The Global Poverty Project CEO responds to critiques of the Live Below the Line campaign.

The following is a response to "What Do "Pretend to Be Poor" Experiments Really Teach Us?"

Earlier this week, Cord Jefferson criticized the Global Poverty Project’s Live Below the Line campaign. Having just completed the challenge, I agree that it is ridiculous to claim that cutting down your food budget for a week can replicate the experience of 1.4 billion people living in extreme poverty. I can confirm that a $1.50-a-day diet, while modest by my usual standards, is a very manageable sacrifice. It is certainly far removed from what I can only imagine is the grinding and thankless day-to-day reality for the world's poor.

However, the Global Poverty Project does not claim, and has never claimed, to reproduce the experience of living in poverty, except in a symbolic way. If we had, we would have deserved every bit of the cynicism directed our way and then some.

Jefferson called Live Below the Line a "pretend to be poor experiment," the first indicator that he may be missing the point. Firstly, no one is being asked to pretend to be poor. In fact, the effect of living below the line for a week is to make us realize how rich—and lucky—we actually are. Live Below the Line aims to shed light on the poverty of others, not mimic it ourselves.
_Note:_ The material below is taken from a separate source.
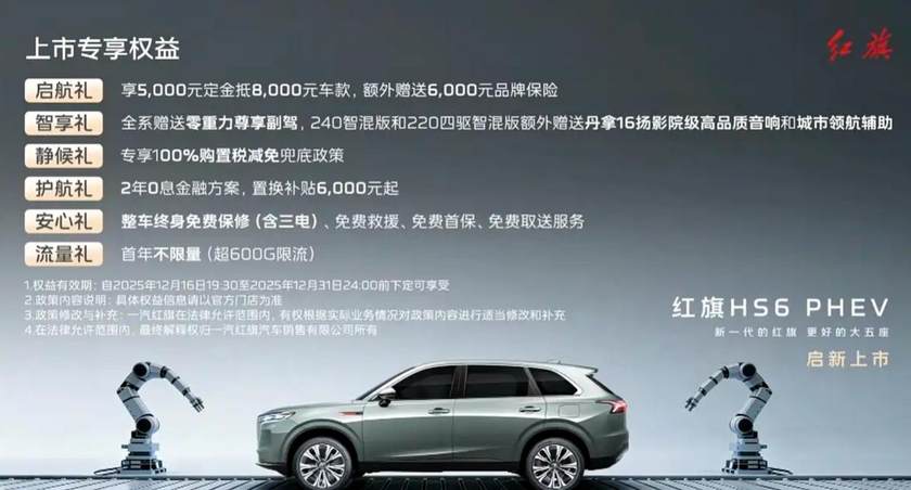 就在今天(12月16日),一汽红旗全新插混中大型SUV——红旗HS6 PHEV正式上市,共推出3款车型,售价区间为17.88-22.88万元,另外上市期间还提供六项上市权益。很显然,红旗已经开始走“亲民”路线,不再是那个让人觉得有距离感的“国车”形象。

Secondly, Live Below the Line is not an experiment but a demonstration. Like any advocacy organization, our mission is to build a case for change, partly by highlighting the injustices we aim to correct. We don’t apologize for using symbolic action as a means to achieve this. In fact, what is the alternative? History shows that all protest movements rely on symbols—boycotts, strikes, sit-ins, flags, songs—because if we had the power to change policy immediately, then we wouldn't need to protest. Symbolic action on whatever scale, from the Montgomery Bus Boycott to wearing a simple wristband, is designed to disrupt complacency and force people to think.

Live Below the Line is an effective way to get our message through the static. New audiences are being reached because thousands of supporters take the campaign's message to their network of friends, family, classmates, and co-workers. By personalizing the issue a little, we can make it relevant and memorable. Celebrities like Hugh Jackman have also supported the campaign, bringing the message to millions of new eyes and ears.

We live in a world that could fix the problem of extreme poverty—not overnight, but sooner than most people realize. The global community, through the Millennium Development Goals, has even laid out a realistic plan to make it happen within a generation. Of course no one believes it will be easy. It will take courage and vigilance. At the Global Poverty Project, we won't stop thinking of new and different ways to keep current and future supporters informed and energized for the battles ahead.